Samurai Bonds and Euro Bonds have slightly different story. Yen-denominated Samurai
Bonds are issued by overseas issuers and Euro Yen Bonds are traded in Euro Market. These
bonds will be exempt from Japanese income tax if they are traded among overseas investors
or sold from domestic sellers to overseas investors. However, if domestic investors buy those
bonds from overseas sellers, income tax will be levied in Japan according to the time period
that those bonds were held outside of Japan.
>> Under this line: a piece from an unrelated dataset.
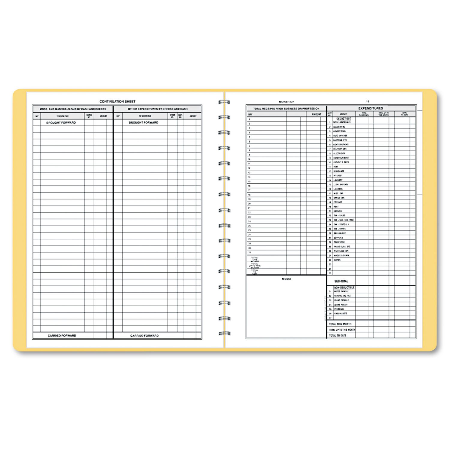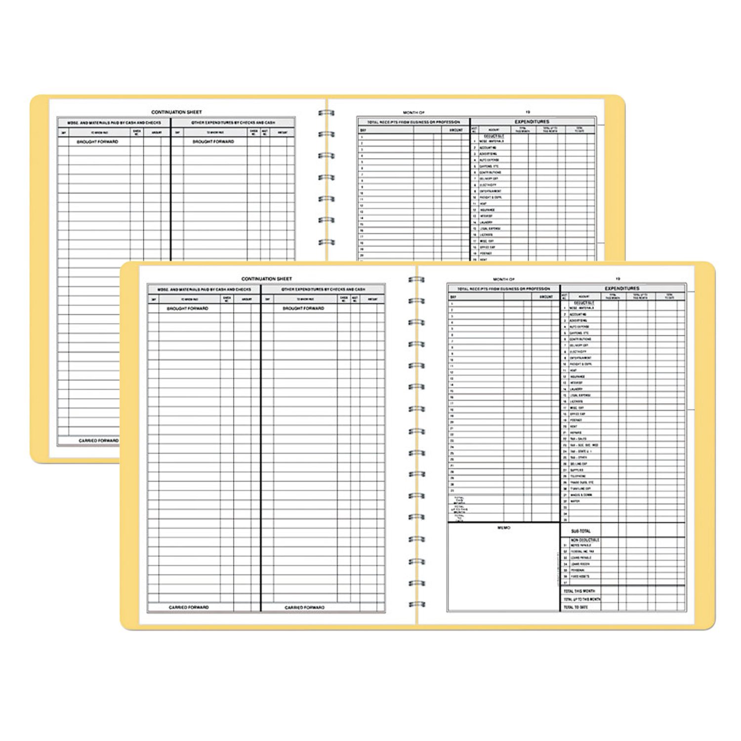 Undated record book offers a simple way to keep accurate records of cash received and paid out. Design includes a payroll section for up to six employees, calendar of important dates, detachable summary sheet, completed specimen page and space for 35 deductions. Wirebound record book with vinyl cover is undated and good for a full year. Nonrefillable book contains 128 pages.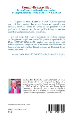« ...le président Denis SASSOU N'GUESSO aura exprimé une véritable grandeur d'esprit en évitant de répondre aux attaques, assumant même les fautes de ses prédécesseurs et pardonnant à tous ceux qui lui ont proféré injures et menaces durant la Conférence nationale souveraine. Cet essai mérite d'être lu en ce qu'il éclaire sur l'histoire politique du Congo et en ce qu'il met en relief les qualités exceptionnelles de Denis SASSOU N'GUESSO, qualités que devrait avoir tout homme qui aspire à diriger un pays. C'est là une véritable leçon d'un homme d'État qui privilégie l'intérêt national au détriment de ses intérêts personnels...»

In trading Samurai Bonds among domestic
investors, taxation will be the same as that on domestic yen bonds. In trading Euro Yen
Bonds, even designated financial institutions will be taxed unless they are designated for
principal and coupon payment.
As described in 1.2.4., in the Japanese bond market, taxable bonds will trade cheap to its nontaxable counterparts by more than the tax amount itself. One should note that bonds that has
once been sold to overseas will trade very cheap in the domestic market except that the
transaction is made on coupon dates.